Lehman: paying for ‘repocrisy’

Tags: Opinion
On September 15, 2008, Lehman Brothers filed for Chapter 11 bankruptcy. By then, most of its clients were abandoning the debt-laden, sinking ship. Th­ere were huge losses in its stock and devaluation of its assets by credit rating agencies. It drew the curtains on a 158-year-old proud institution established by two immigrant brothers who came to the US from Bavaria, Germany — Hen­ry and Mayer Lehman. It was also the largest Chapter 11 filing in the history of the United States. The fall of Lehman Brothers triggered the black swan events that plunged the economies of the world into the worst financial crisis since the Great Depression —a state from which they have not fully recovered yet.

The US bankruptcy court appointed an examiner (read investigator) Anton Valukas, the chairman of the law firm Jennifer & Block. He collected facts and analysed the root causes of the collapse of Leh­man Brothers Holdings. It took the team led by him more than a year and it cost over $30 million to produce a report, which runs into 2,200 pages. The report concludes that Lehman executives manipulated its balance sheet, withheld information from the board and inflated the value of toxic real estate assets. The Valukas report has devoted more than 300 pages alone to balance-sheet manipulations, accusing Lehman of using questionable accounting methods to move assets off its books.

In the report, Valukas detailed a "materially misleading" approach that Lehman took to representing its financial condition. The examiner said that Lehman—anxious to maintain favourable credit ratings—engaged in an accounting device known within the firm as Repo 105 to essentially park about $50 billion of assets away from Lehman's balance sheet. The move helped Leh­man look like it had less debt on the balance sheet.
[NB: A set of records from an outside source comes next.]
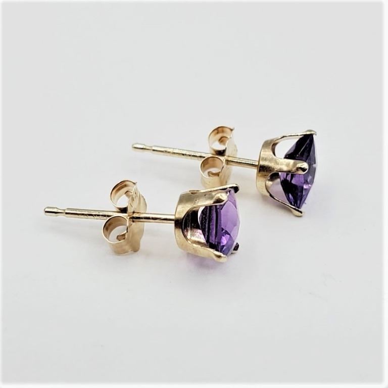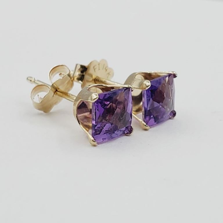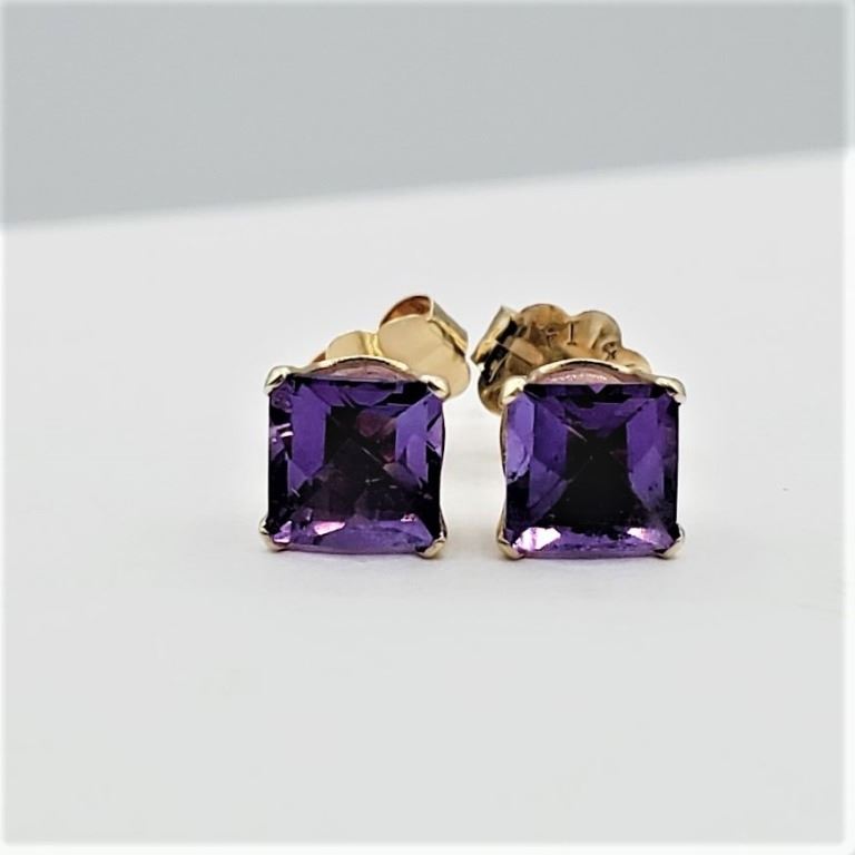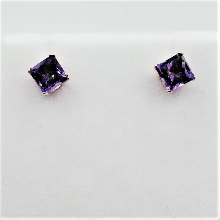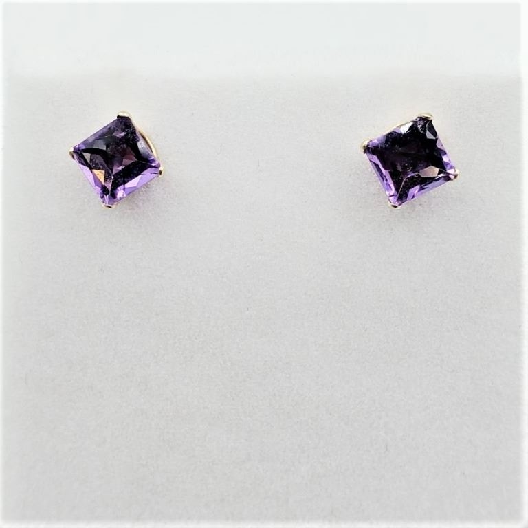 14KT. YELLOW GOLD 4MM X 4MM NATURAL AMETHYST EARRINGS, 0.60CTS, W/A $635.00
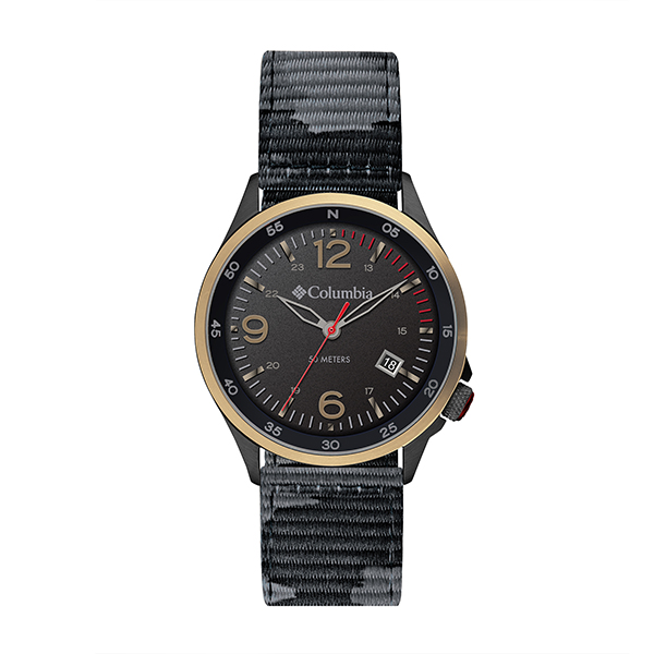 Columbia CSC02-002 10 in. Canyon Ridge 3-Hand Date Black Camo Nylon Watch for Men, Black
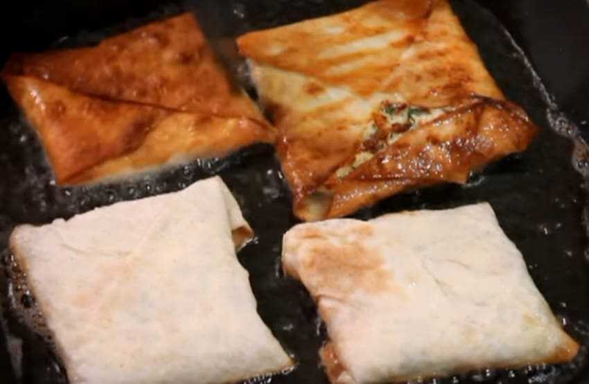 Конвертики с сыром и колбасой жаренные на сковороде (видео)
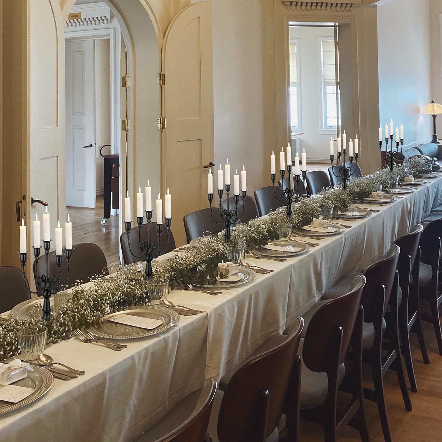 Sziqiqi Candelabra Candles Holder Centerpieces - Black Candlestick Holders Bulk for Halloween Vintage Tabletop Candelabras for Party Events Holiday, 6 Pieces
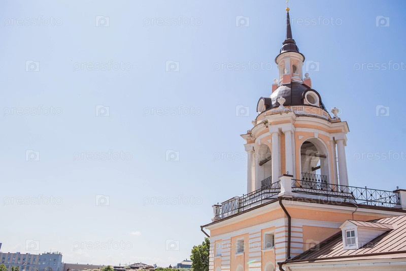 Москва, Россия: Церковь Максима Блаженного на Варварке возле Красной площади в солнечный летний день. Вид на храм со стороны парка «Зарядье»
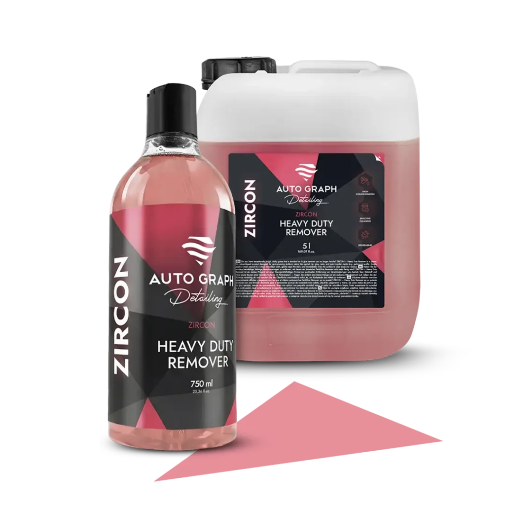 ZIRCON – Heavy Duty Remover on võimas lahustipõhine toode, mis aitab eemaldada saasteaineid nagu asfalt, tahm, liim ja vaigud, samuti värviülekande jälgede (nt parkimiskriimustused) – kanna lihtsalt väike kogus puhtale mikrokiudlapile, pühi kahjustatud ala õrnalt ja loputa pind kohe maha, et eemaldada kõik tootejäägid.
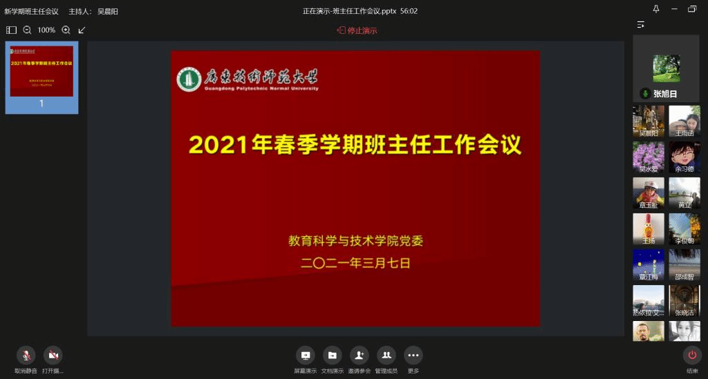 为全面做好新学期疫情防控常态化下的员工教育管理工作,3月7日晚,教育科学与技术公司党委组织全体班主任召开了2021年春季学期(线上)工作会议,传达公司春季学期工作精神,部署公司春季学期主要工作任务。公司党委书记张旭日、副书记吴水爱以及全体班主任和辅导员参加本次会议。
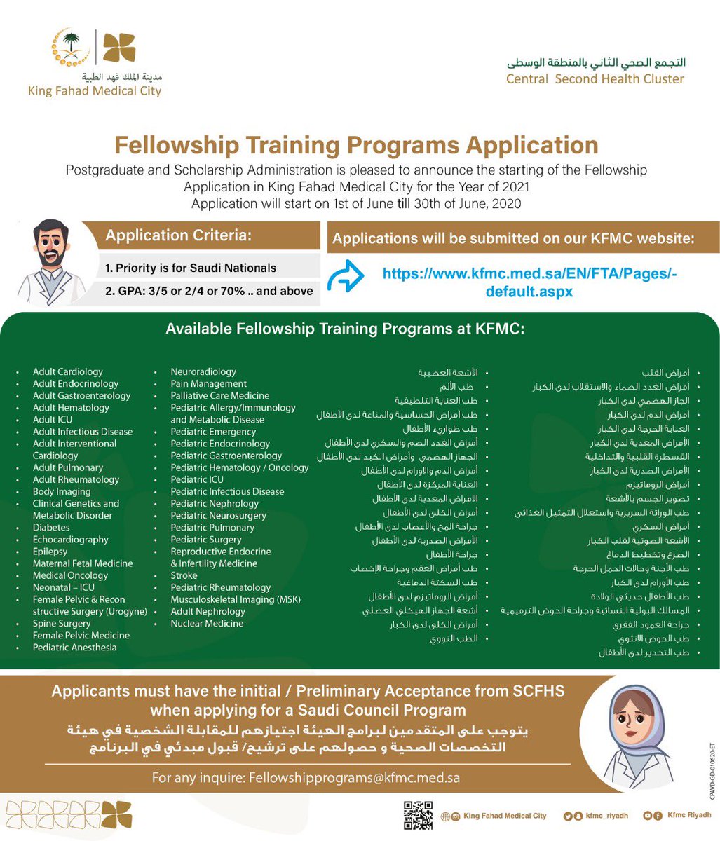 أعلنت مدينة الملك فهد الطبية عن برامج التخصصات الدقيقة للعام الأكاديمي 2021م، واشترطت المدينة على المتقدمين لبرامج الهيئة اجتيازهم للمقابلة الشخصية في هيئة التخصصات الصحية وحصولهم على ترشيح / قبول مبدئي في البرنامج، وذلك وفقاً لبقية التفاصيل الموضحة أدناه.

In order to understand the nature of the fraud one must understand what was Repo 105. Repo 105 was the name used at Lehman for what its own staff called an "accounting gimmick" taking advantage of an accounting rule called SFAS 140. Each quarter, Lehman sold some of its loans and investments temporarily to other financial institutions for cash using short-term repurchase (or repo) agreements. They bo­ught the­m back a few days later. Normally, the assets wo­uld be reflected on the bank's balance sheet. But he­re is the trick. Since they were valued at 105 per cent or more of the cash received, the transactions we­re treated as a "sale" under accounting rule SFAS 140 and Lehman was able to materially under report the extent of its debt and leverage.

Lehman used this ploy, according to the report, up to a limit of $25 billion of Repo 105 until early 2007. But to borrow Ramalinga Raju’s col­ourful expression, the Leh­man CEO, like Raju, was also “riding a tiger”. It began increasing the use of the Repo 105 magic in the first and second quarters of 2008 until the mass hypnotic accounting was “vanishing” quietly $50 billion of assets from investors, the government, rating agencies and regulators and reducing the amount of debt it showed to investors.

"In this way, unbeknownst to the investing public, rating agencies, government regulators and Lehman's board of directors, Lehman reverse-engineered the firm's net lev­erage ratio for public consumption," says the report. Lehman's own global financial controller, Martin Kelly, told Valukas that "the only purpose or motive for the tra­nsactions was reduction in balance sheet" and "there was no substance to the transactions." Kelly said he warned former Lehman finance chefs Erin Callan and Ian Lowitt about the maneuver, saying the transactions posed "reputational risk" to Lehman if their use became publicly known. But Kelly did not blow the whistle, he simply confessed in the course of cross-examination.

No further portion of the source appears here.